==== Source material ====

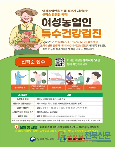 지원 대상은 51세부터 80세까지의 짝수년도 출생 여성농업인으로, 검진비의 10%만 본인이 부담하면 된다. 신청은 거주지 동 주민센터 또는 ‘농업e지’ 앱을 통해 가능하다.
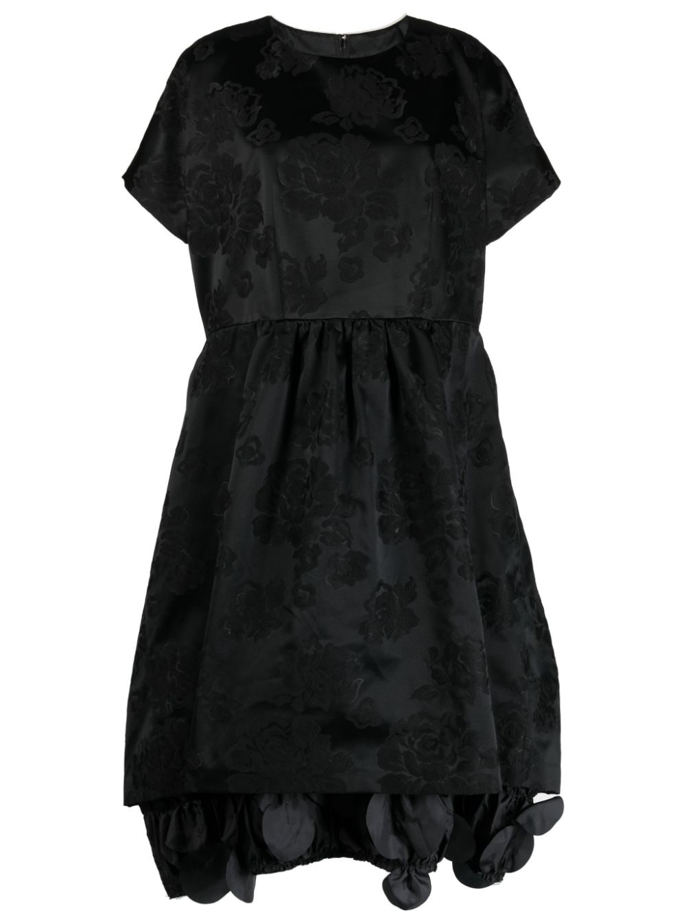 floral-applique bell-shape midi dress Highlights - Black - Floral applique - Bell-shape design - Crew neck - Rear zip fastening - Short sleeves - Below-knee length - Straight hem Imported Composition Lining: Polyester 100% Outer: Polyester 100% SIZE & FIT Model measurements Height 5 ft 9 in(1.76 m) Bust/Chest 31.1 in(79 cm) Hips 35.03 in(89 cm) Waist 24.4 in(62 cm) FittingInformation Designed to be unstructured, offering a loose fit throughout Made from a midweight non-stretch fabric This piece fits true to size – take your usual size Washing instructions Dry Clean Only
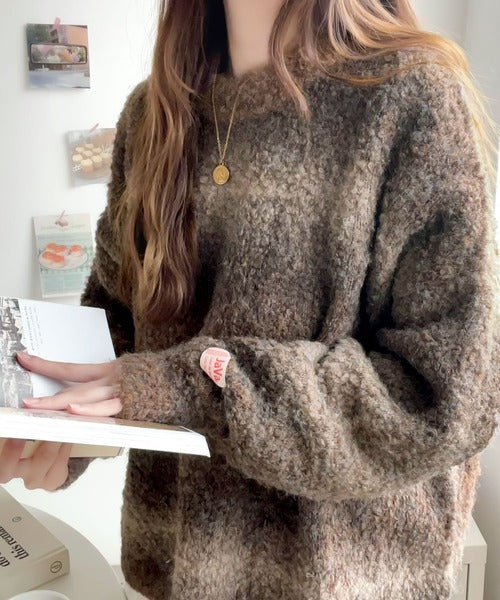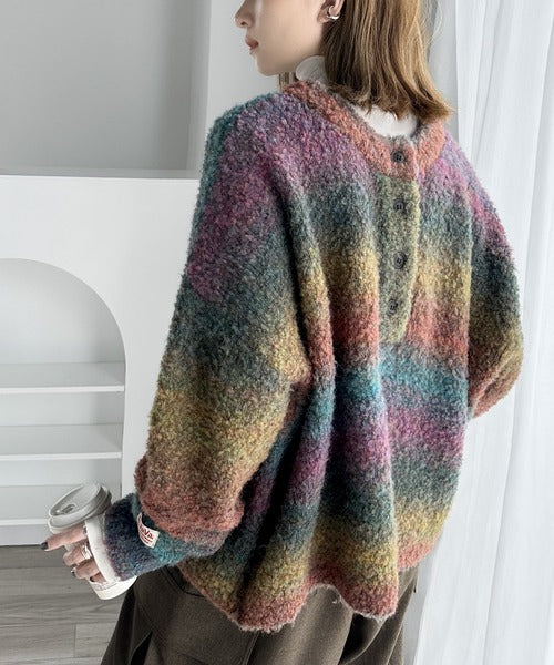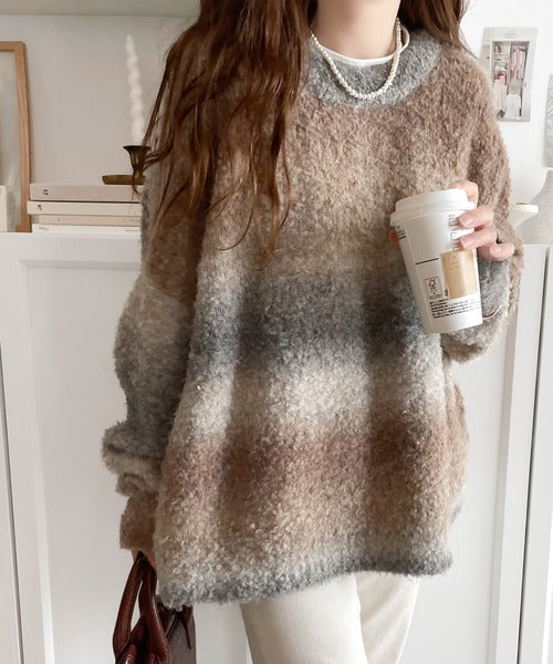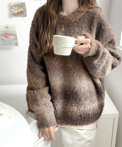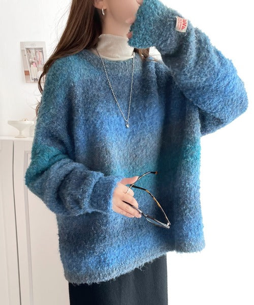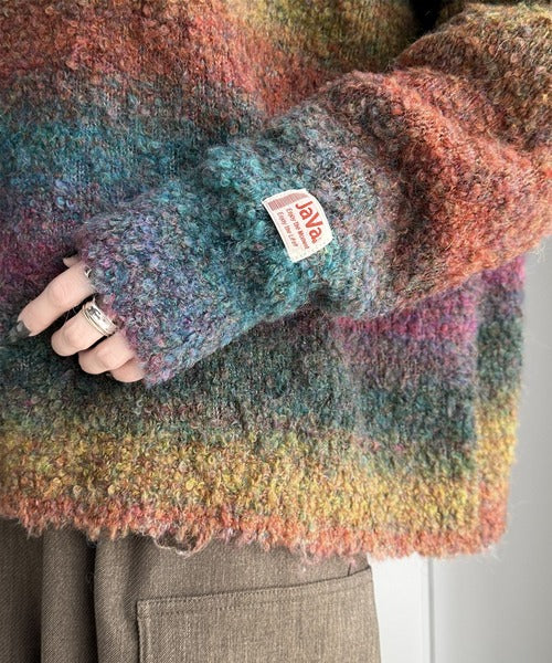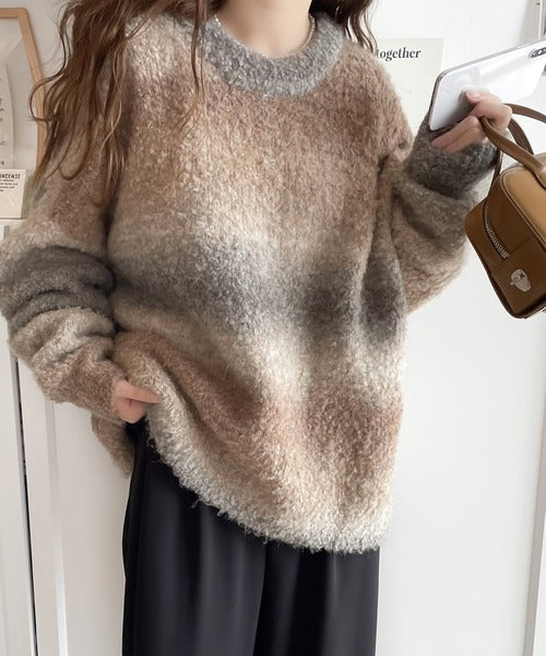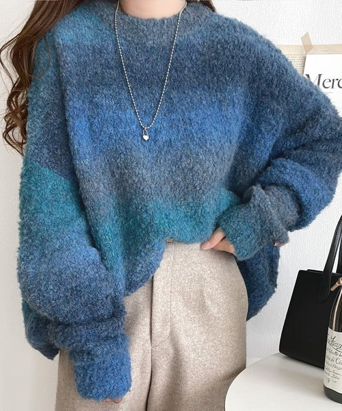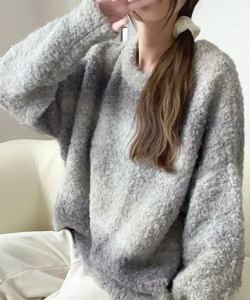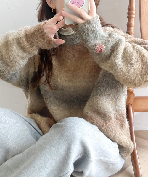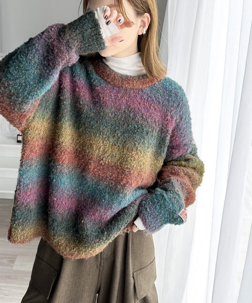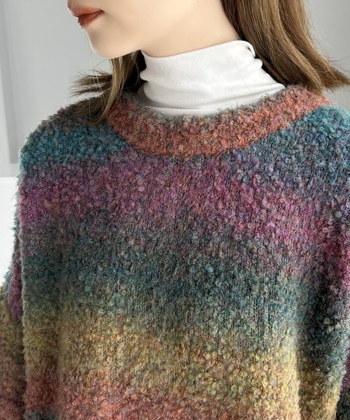 印象的なカラーグラデ―ションでトレンド感あるお洒落な着こなしが叶うブークレニット。
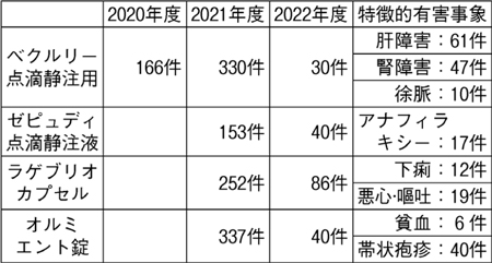 全日本副作用モニターに報告されたCOVID-19治療薬関連副作用はベクルリー点滴静注用7件(肝障害6件、嘔気(おうき)1件)、ゼビュディ点滴静注液1件(肝障害1件)、ラゲブリオカプセル4件(顔面の腫れ、下痢、発疹、不眠各1件)でした。いずれも重症度は低く、重大な経過をたどった症例はありません。
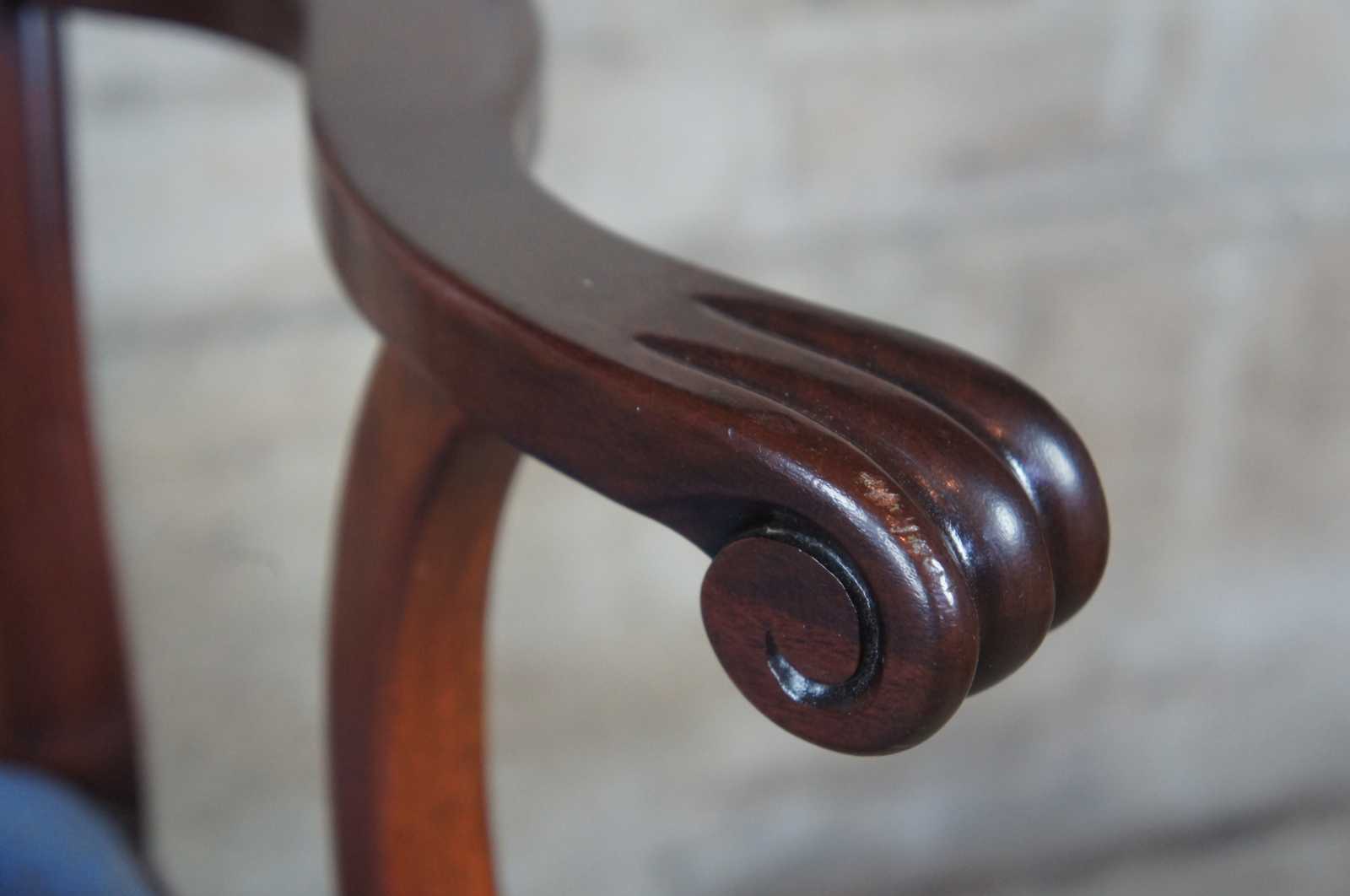 Carved crest rail and carved pierced interlaced back splat. Slightly incurved double beaded shaped back post.
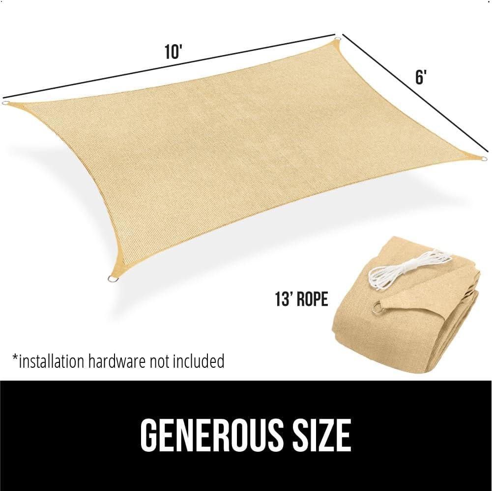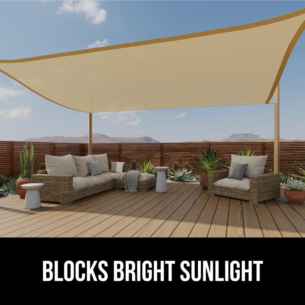 GORILLA GRIP Heavy Duty Sun Shade, UV Protection Fade Tear and Rust Resistant Rectangle Sunshade Canopy, Curved Edges Blocks Sunlight, Breathable Sail, Outdoor Patio, Lawn Garden 10x13 FT Sand(Sand)
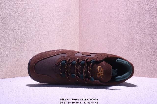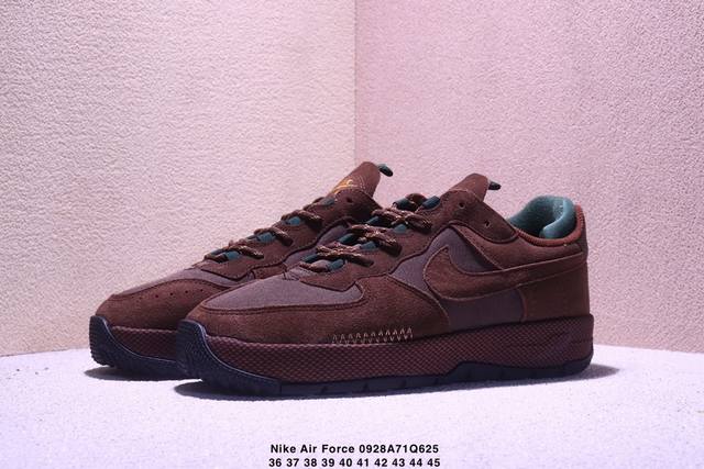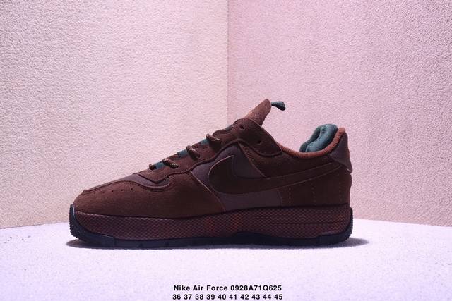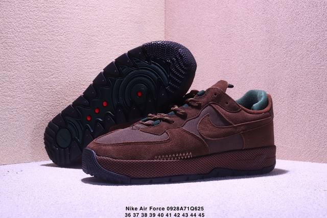 Nike 耐克 男女鞋半码制,升级原楦原纸版数据开发,采用翻毛皮组合尼龙防刮布鞋面材质,中底Md发泡缓震组合防滑耐磨橡胶外底专为户外打造,耐克Nike Wmns Air Force 1 Wild Low Black Brown 空军一号户外版低帮机能户外越野休闲运动鞋 Fb2348

====

Transcribe every record above exactly, leaving out the pictures.

* Exercise solution:
 지원 대상은 51세부터 80세까지의 짝수년도 출생 여성농업인으로, 검진비의 10%만 본인이 부담하면 된다. 신청은 거주지 동 주민센터 또는 ‘농업e지’ 앱을 통해 가능하다.
 floral-applique bell-shape midi dress Highlights - Black - Floral applique - Bell-shape design - Crew neck - Rear zip fastening - Short sleeves - Below-knee length - Straight hem Imported Composition Lining: Polyester 100% Outer: Polyester 100% SIZE & FIT Model measurements Height 5 ft 9 in(1.76 m) Bust/Chest 31.1 in(79 cm) Hips 35.03 in(89 cm) Waist 24.4 in(62 cm) FittingInformation Designed to be unstructured, offering a loose fit throughout Made from a midweight non-stretch fabric This piece fits true to size – take your usual size Washing instructions Dry Clean Only
 印象的なカラーグラデ―ションでトレンド感あるお洒落な着こなしが叶うブークレニット。
 全日本副作用モニターに報告されたCOVID-19治療薬関連副作用はベクルリー点滴静注用7件(肝障害6件、嘔気(おうき)1件)、ゼビュディ点滴静注液1件(肝障害1件)、ラゲブリオカプセル4件(顔面の腫れ、下痢、発疹、不眠各1件)でした。いずれも重症度は低く、重大な経過をたどった症例はありません。
 Carved crest rail and carved pierced interlaced back splat. Slightly incurved double beaded shaped back post.
 GORILLA GRIP Heavy Duty Sun Shade, UV Protection Fade Tear and Rust Resistant Rectangle Sunshade Canopy, Curved Edges Blocks Sunlight, Breathable Sail, Outdoor Patio, Lawn Garden 10x13 FT Sand(Sand)
 Nike 耐克 男女鞋半码制,升级原楦原纸版数据开发,采用翻毛皮组合尼龙防刮布鞋面材质,中底Md发泡缓震组合防滑耐磨橡胶外底专为户外打造,耐克Nike Wmns Air Force 1 Wild Low Black Brown 空军一号户外版低帮机能户外越野休闲运动鞋 Fb2348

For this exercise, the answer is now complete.